Applicazione retroattiva della confisca per equivalente: la parola alla Consulta

28 Ottobre 2015

Va dichiarata rilevante e non manifestamente infondata, la questione di legittimità costituzionale degli artt. 187-sexies del d.lgs. n. 58 del 1998 e dell'art. 9, comma 6, della legge n. 62 del 2005, in riferimento agli artt. 3, 25, comma 2, e 117, comma 1, Cost., quest'ultimo in relazione all'art. 7 della CEDU.
Massima

Va dichiarata rilevante e non manifestamente infondata, la questione di legittimità costituzionale degli artt. 187-sexies del d.lgs. n. 58 del 1998 e dell'art. 9, comma 6, della legge n. 62 del 2005, in riferimento agli artt. 3, 25, comma 2 e 117, comma 1, Cost., quest'ultimo in relazione all'art. 7 della CEDU, nella parte in cui prevedono che la confisca per equivalente, introdotta per gli illeciti di cui alla parte V, titolo I-bis, del testo unico di cui al medesimo d.lgs. n. 58 del 1998, si applica anche alle violazioni commesse anteriormente alla data di entrata in vigore della legge n. 62 del 2005, che le ha depenalizzate, quando il relativo procedimento penale non sia stato definito.

Il caso

In data 8 gennaio 2003 il Presidente della Commissione Nazionale per la Società e la Borsa (CONSOB) segnalava alla Procura della Repubblica di Milano il presunto reato di abuso di informazioni privilegiate – di cui all'art. 180 del decreto legislativo n. 58 del 1998 – per avere alcuni soggetti acquistato diverse obbligazioni nel corso dell'anno 2002.

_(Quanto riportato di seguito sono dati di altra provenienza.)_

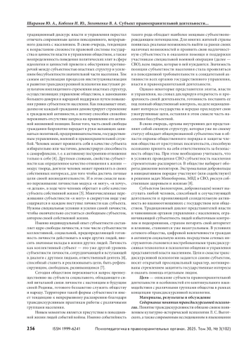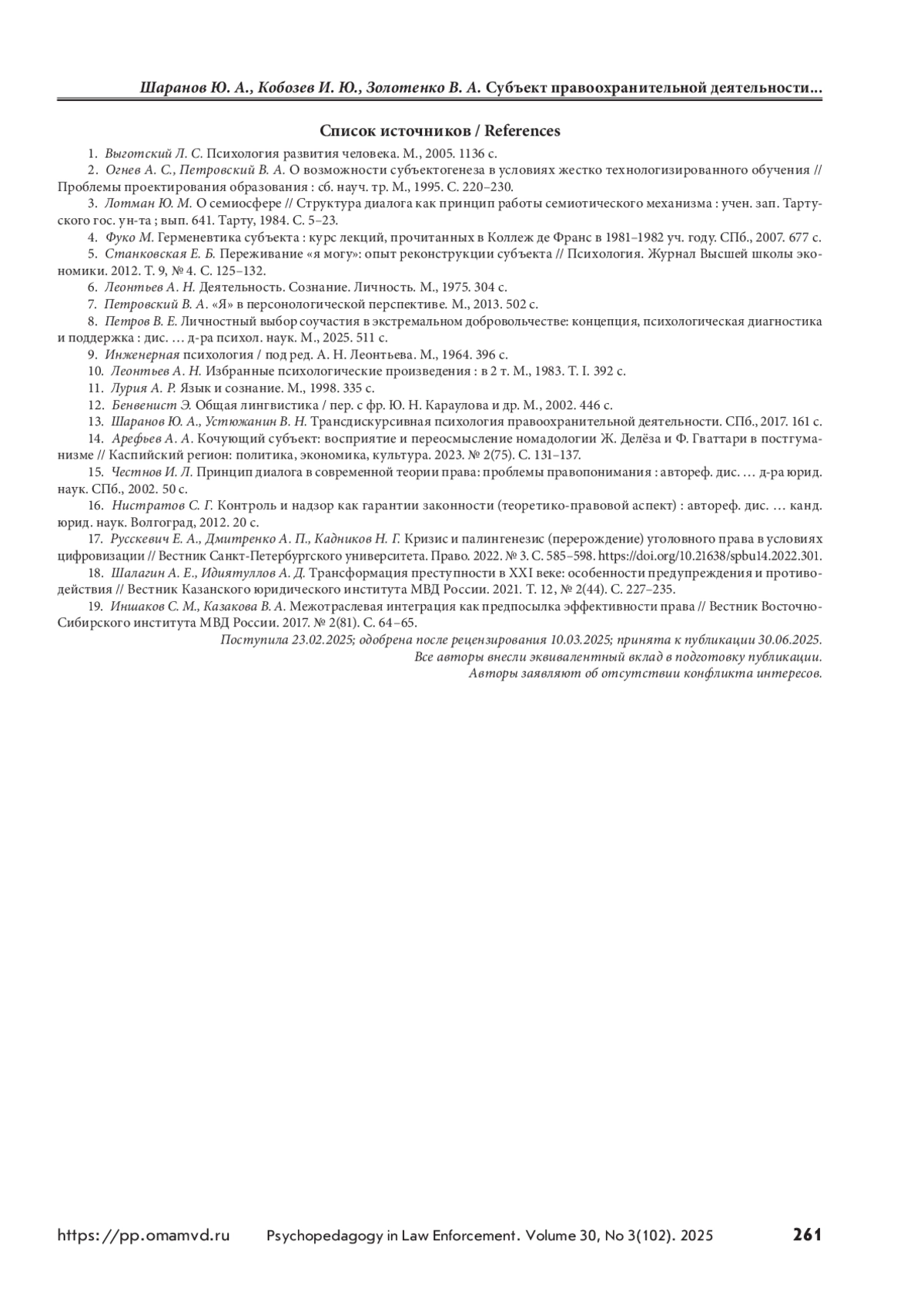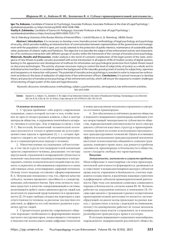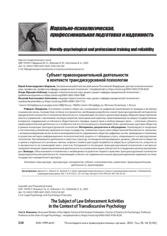 В условиях сетевого общества, основанного на цифровой вовлеченности граждан в активную социальную жизнь посредством сетевых инструментов, необходима разработка новой (трансдискурсивной) методологии юридической психологии и психологии безопасности, позволяющей построить диалоговую форму общения представителей власти и управления с населением, носящую открытый, просоциальный характер, ориентированную на защиту государственных интересов, поддержание устойчивого общественного порядка, защиту прав и свобод граждан. Цель — описание субъекта правоохранительной деятельности и особенностей его континуального взаимодействия с различными группами общества в рамках концепции трансдискурсивной психологии. Материалы, результаты и обсуждение. Анализируется тенденция к постоянному усложнению правовой системы государства, появлению новых угроз общественной безопасности, связанных с активным внедрением во все аспекты жизнедеятельности современного общества цифровых систем, приводящих к появлению и развитию методов информационно-психологической защиты от гибридных угроз, опирающихся на дискурсивные технологии. Рассматривается деятельность властных структур, пытающихся контролировать уровень субъектности общества в целом и отдельных его активных членов, на фоне стихийно растущей потребности общества в субъектности, открытости и прозрачности во взаимодействии с властью. Раскрывается потенциал трансдискурсивной психологии в интересах совершенствования правоохранительной деятельности на основе реализации субъектности сотрудников органов внутренних дел. Выводы. Обосновывается положение о необходимости развития теории и практики трансдискурсивной психологии правоохранительной деятельности, позволяющей отвечать на современные вызовы функционирования правовой системы государства и юридического дискурса.
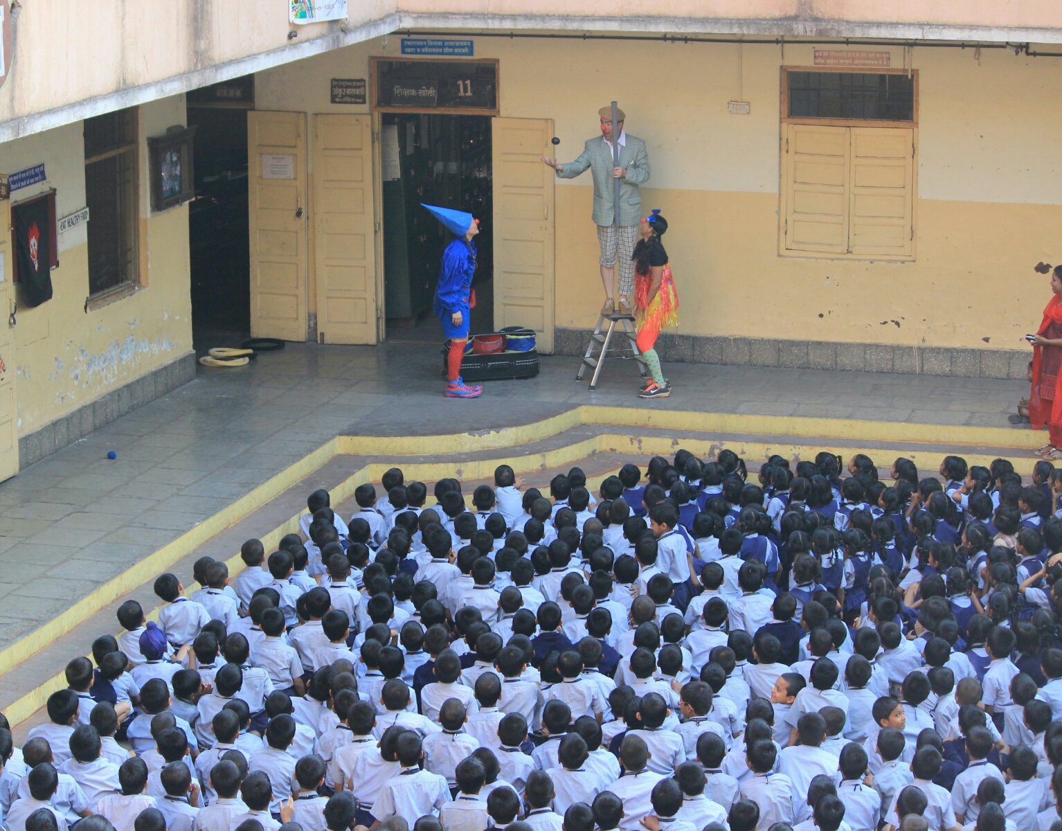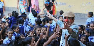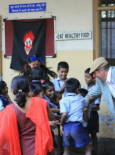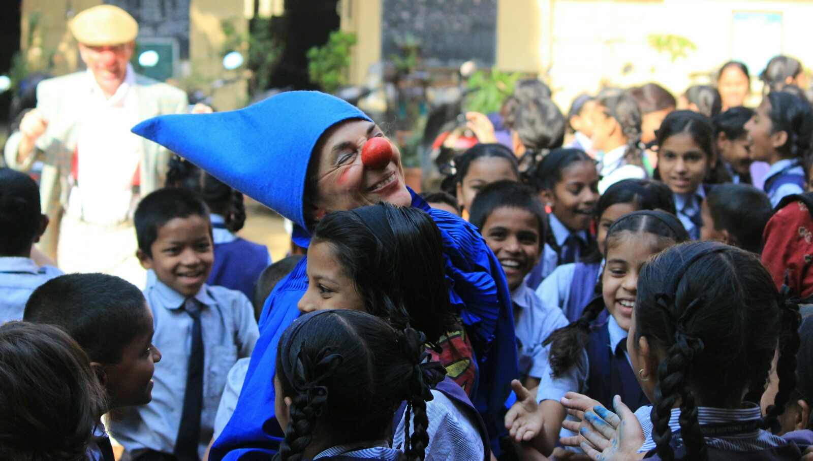 Heute morgen spielten wir auf dem Schulhof der Utkarsha English Medium School. Ca 400 Kids waren da, und von allen Balkonen rundrum schauten Lehrer und Praktikant/Innen zu, auch die Direktorin. Alle hatten ihren köstlichen Spaß, und hinterher gab’s noch ein kurzes Bad in der Menge. Es ist beeindruckend zu sehen, daß die Begeisterung entfesselt, die Kinder aber in der Lage sind, sofort wieder achtsam zu sein, wenn jemand fällt und überrannt zu werden droht. Alle möchten den Clowns noch persönlich begegnen, die anstehenden Prüfungen verhindern die Ausdehnung unsres Besuches. Wieder wird herrlicher, unfassbar süßer Tee und köstliches Samosa gereicht, Susie verzichtet lieber zu Gunsten ihrer Magenkonsolidierung. Wir treffen noch kurz die Direktorin, die sich herzlich bedankt, und hofft, daß wir wieder kommen werden.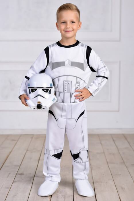 В комплект входить білий комбінезон із реалістичним принтом броні, об’ємні вставки з піноматеріалу, пластикова маска з сіткою для очей та м’які бахіли з еластичними ремінцями. Матеріали — легкий поліестер і поліуретанова піна, що дозволяє вільно рухатися й залишатися у комфорті навіть під час активних ігор.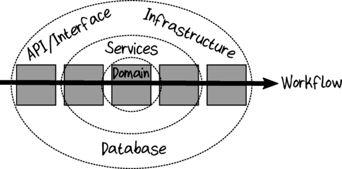 Merită menționată și arhitectura de tip Usturoi (Onion Architecture) folosită în programarea funcțională. Dacă în abordarea OOP, modelele și accesul la baza de date se realizează în interiorul domeniului, într-o abordare funcțională, acestea sunt poziționate la extremități astfel încât toate dependințele sunt pe intrarea / ieșirea din componentă. O funcție care scrie și citește dintr-o bază de date va fi considerată impură, iar folosirea acestora va fi evitată în partea de core a domeniului :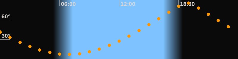| Höchster Stand (Kulmination) | 18:50 Uhr (h = 85,8°) |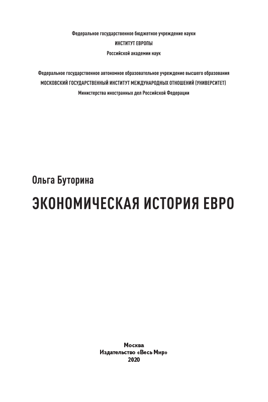 - Вышла в свет книга Ольги Витальевны Буториной «Экономическая история евро».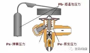 热力膨胀阀能控制液态制冷剂从冷凝器注入蒸发器。 膨胀阀能让蒸发器出口处的过热度保持在一定水平, 防止液态制冷剂离开蒸发器进入压缩机。一旦液态制冷剂进入压缩机,便会发生液击。必须防止这种状况 发生,以免压缩机损坏。 Pb-感温包压力 Pe-蒸发压力 Ps-弹簧压力 Pb = Ps+Pe, 膜片不移动。 当感温包压力上升,导致 Pb > Ps+Pe 时,膜片向下移动,阀门打开,更多制冷剂流入蒸发器。 当感温包压力下降,导致 Pb < Ps+Pe 时,膜片向上移动,阀门关闭,流入蒸发器的制冷剂减少。
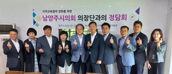 [한국뉴스타임=편집국] 경기도구리남양주교육지원청은 지난 27일 남양주시의회 김현택 의장, 김지훈 운영위원장, 김지훈 자치행정위원장, 김영실 복지환경위원장, 조성대 도시교통위원장과 남양주시 교육현안 공유 및 협력을 위하여 정담회를 개최했다.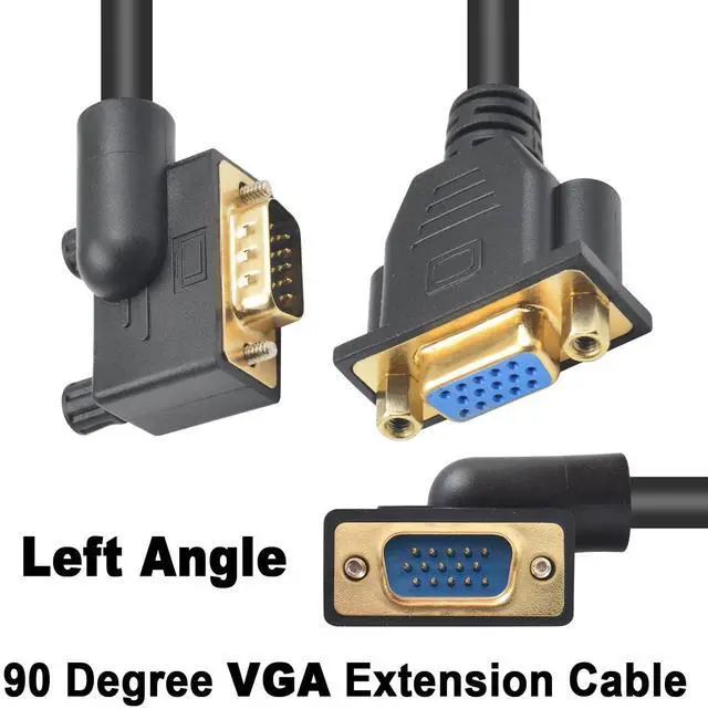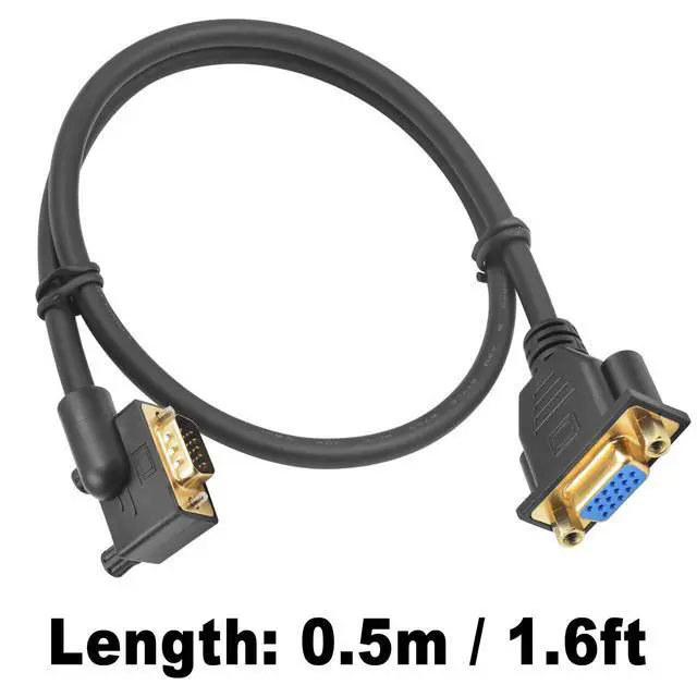Vszerda VGA Extension Cable 1.5ft, 90 Degree Left Angle VGA 15 Pin Male to Female Extender Cable, HD15 Monitor Video Cable Support 1080P Full HD for PC Laptop TV Projector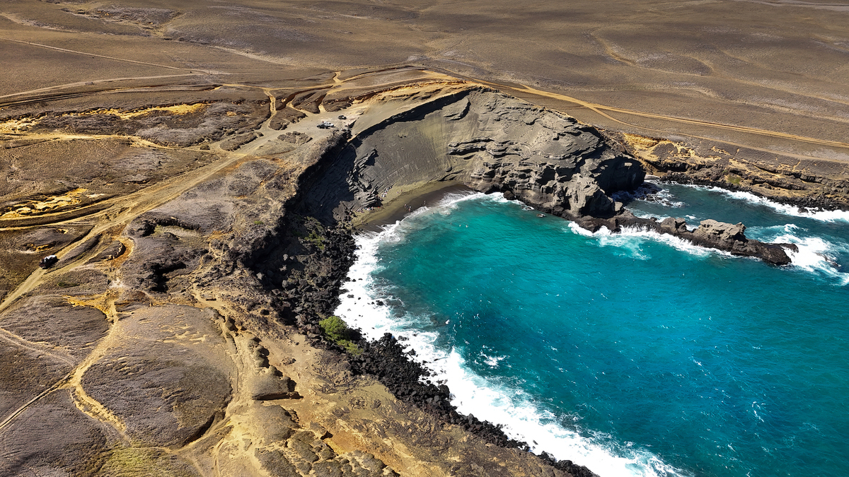 Papakolea hondartza berdea, Ozeano Barean, Ameriketako Estatu Batuetako punturik hegoaldekoenean. (Tiki Tales Films | Getty Images)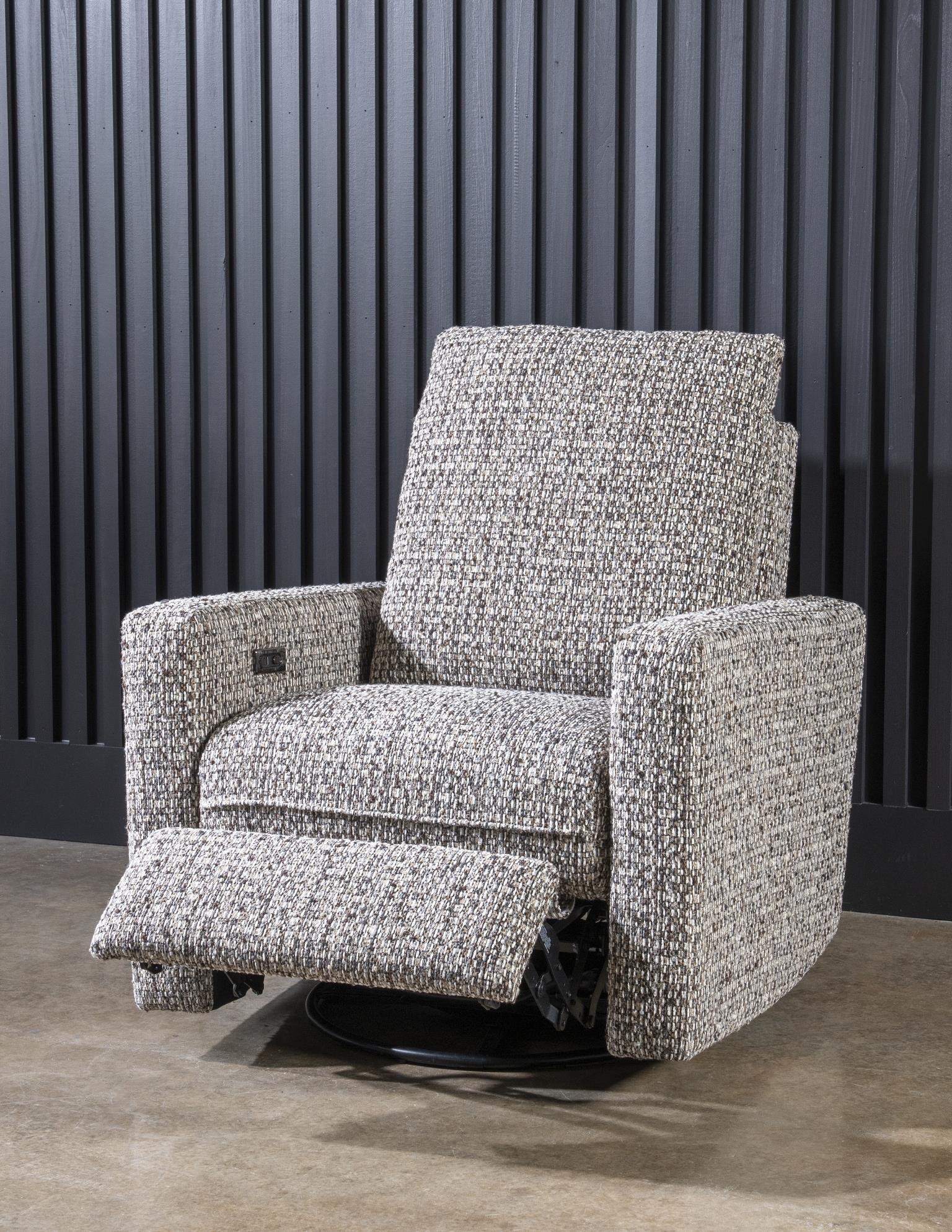 The Solana Group includes a Sofa-Chase configuration with a storage chaise with a lift-up wood tray arm for eating/working, P1 Swivel Gliderand a 30-inch storage ottoman on castors. Features include a storage arm with power grommet, wood console with wireless charging and USB ports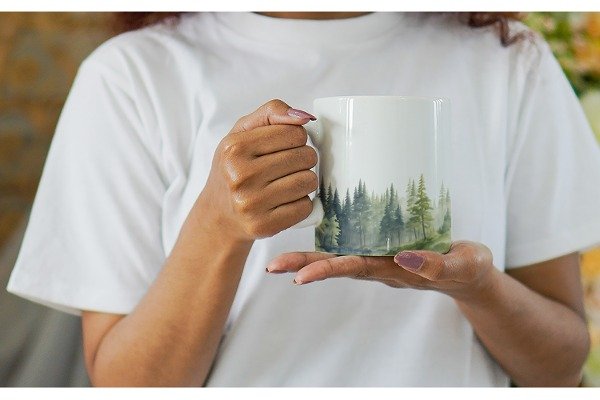 Taza Acuarela Paisaje Arboles COD 1447
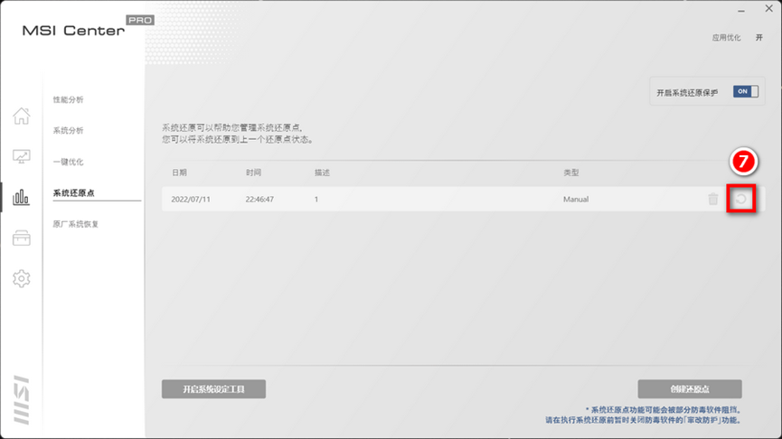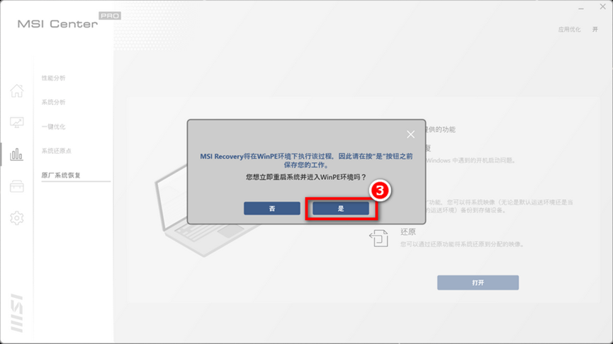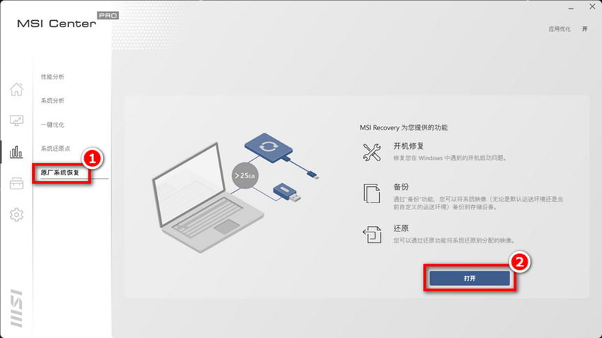 2-1进入 MSI Center Pro→系统诊断→原厂系统恢复,点击「打开」

Il Tribunale di Milano, con sentenza n. 10597 del 19 ottobre 2005, proscioglieva gli imputati (ad eccezione di uno) in ragione della depenalizzazione del reato contestato, avvenuta a seguito dell'entrata in vigore della l. 62/2005, e trasmetteva gli atti alla CONSOB, in quanto competente.

Quest'ultima, per mezzo dell'Ufficio Insider Trading, ritenendo accertata la commissione dell'illecito amministrativo di cui all'art. 187-bis, comma 4, del d.lgs. 58/1998, notificava l'atto di contestazione ai destinatari dell'informazione privilegiata, e disponeva a carico di Alfa, con delibera in data 8 giugno 2007, il sequestro di beni di sua pertinenza, fino al raggiungimento del valore equivalente al prodotto dell'illecito (euro 6.352.002,00), applicando la disposizione ex art. 187-octies, comma 3, lett. d), del citato d.lgs. 58/1998.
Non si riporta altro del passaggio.